What makes a synthetic voice sound human?

A convincing synthetic voice is not just about sound quality. To truly sound human, it needs to reflect the structures and musicality of real-life speech. This is what I can help you achieve.

As part of my PhD. research, I developed a linguistic model applied to Spanish that systematically describes the prosodic structures of different communicative acts. The properties of intensity, pitch, and duration (rhythm) were identified and validated using acoustic analysis.

However, these prosodic structures are unique to each language and each dialect (dialects are varieties of the same language). In other words, prosodic components combine differently, resulting in unique configurations. This model is not only applicable to Spanish, but also adaptable to other Western languages, as it is based on universal prosodic patterns that can be adjusted to different linguistic contexts.

What I Offer

I support teams working on synthetic voice systems (Text-to-Speech) by helping them understand how different speech acts actually sound and how they could organize their corpus to make the output more natural and communicatively accurate. My work is grounded in linguistic theory and real-world prosodic analysis.

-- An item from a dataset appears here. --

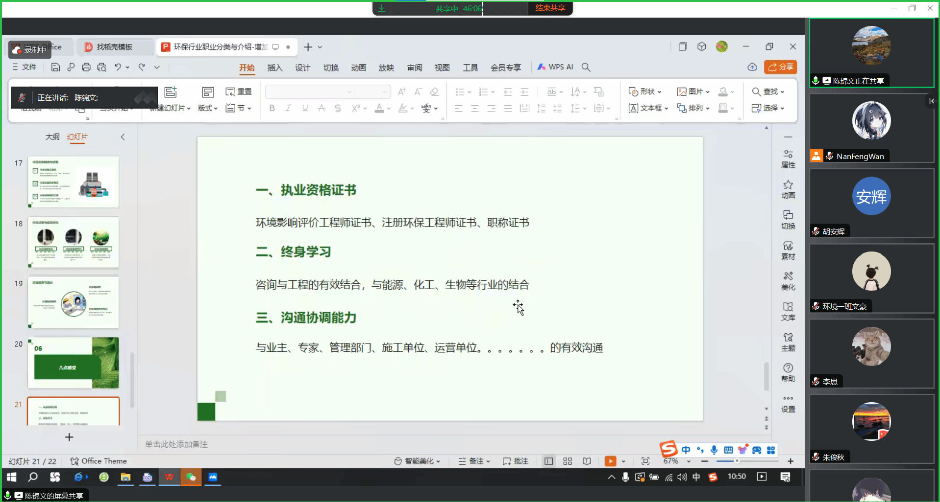 第二位分享的是陈锦文。陈锦文2004年就读于环境专业的硕士,现任四川锦美环保股份有限公司环境咨询中心负责人。陈锦文学长从亲身经历出发,分享了个人在择业、国企、私企三个人生阶段进行奋斗的成长经历,结合自己的经历,激励同学们一步步从基层扎实打拼,勤奋学习,并最终成长为行业领军人物。他还建议同学们在校期间做好就业的准备工作,针对性地培养从业所必须的能力和相关证书。

My role is to provide strategic linguistic insight — not to implement the system, but to guide the process through well-founded recommendations.

1. Data classification by communicative function

I offer guidance on how utterances can be grouped by their function — for example: thanks, apologies, etc.
This classification serves as a foundation for more effective training and output design.

2. Prosodic feature identification

I describe the typical prosodic patterns that appear in different speech acts: pauses, elongations, reductions, rhythm, pitch, and so on.

3. Accessible representations for prosodic cues

I propose written representations of prosodic features, that teams can adapt for their systems.
These are meant to bridge the gap between linguistic theory and system input design.

4. Framework for system-level adaptation

I provide a conceptual structure that your team can use to adapt or enhance your voice system.
Implementation decisions remain entirely in your hands, with my input serving as a foundation for informed choices.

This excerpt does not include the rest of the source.